一般的に国防力の整備には長期間を要する。

 相手の軍事力の脅威が顕在化してからでは、国民の生命財産を脅威にさらす可能性がある。周辺国の軍事力整備の動向には常に意を払っておかなければならない。

 通常、仮想敵国となる国々については、注目して分析するが、同盟国とみなす国については、分析の対象としない。

 韓国は、米国と同盟を結んでいる。日本にとって、「味方の味方は、味方」という認識があり脅威と考えている専門家は少ない。

 このため、韓国の軍事戦略や装備に対する関心は低い。

 しかしながら、文在寅政権となってから、今までの政治、外交的対立のみならず、防衛関係者の信頼関係も大幅に低下している。

 このような状況下で韓国が軍事戦略を大幅に変更したということは、隣国として注目する必要がある。

弱まった北朝鮮と中国への脅威認識

 朝鮮戦争開始時の韓国軍は極めて貧弱な装備しか保有せず、一方的に北朝鮮軍に蹂躙された。
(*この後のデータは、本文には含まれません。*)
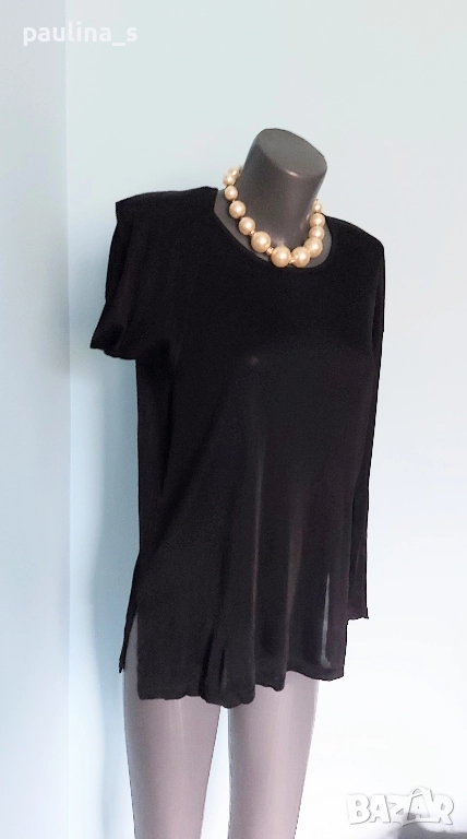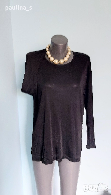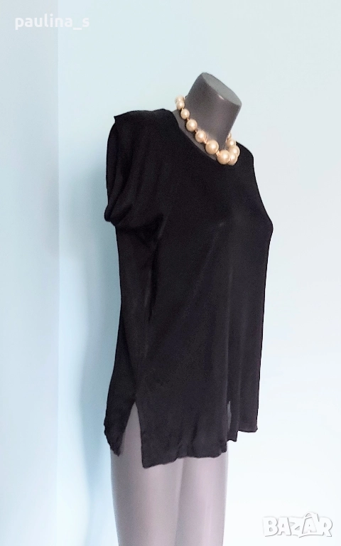 2️⃣. ВИНТИДЖ! Дизайнерска туника / блуза от ацетатна коприна с О-образно деколте и падащи рамене, на Фенди, с отрязани етикети, съобразена цена 29,99лв / 15 евро. Материята е трико от ацетатна коприна, доста еластична и покрива няколко размера. Класика в жанра със сатениращ / кожен ефект. Без дефекти, лична колекция.
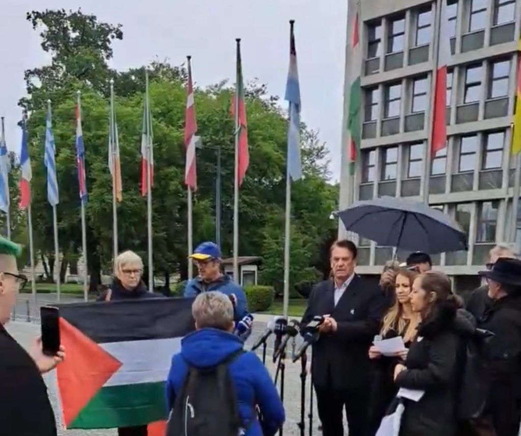 Predstavnice več nevladnih organizacij so danes na Trgu republike pozvale vlado, naj Palestincem v Gazi ponudi zatočišče v Sloveniji s pomočjo sistema dopolnilnih poti. To pa je zmotilo upokojensko iniciativo, ki so medtem peli slovensko himno, ter vzklikali: »Za Slovenijo, ne za smrdljivi Hamas!« Eden izmed upokojencev pa je dodal : »Stran s to zastavo. To je Slovenija. Sramota. Klošarji.«

 米国をはじめとした国連軍の本格的な介入がなければ、韓国は消滅し、金一族独裁政権の朝鮮に統一されていたであろう。

 1953年に締結された米韓相互防衛条約前文には「太平洋地域における平和と安全保障のために協力する」こととされているが、米韓同盟の戦略的目標は北朝鮮に対する抑止と韓国の防衛が具体的目標であった。

 9.11後の新たな戦略環境、中国軍の活動活発化、そして米国自身の軍トランスフォーメーションなどの影響を受け、米韓同盟も新たな戦略目標の策定が課題となってきている。

 日米同盟同様に、国際公共財として「戦略的柔軟性」を持つことが期待されている。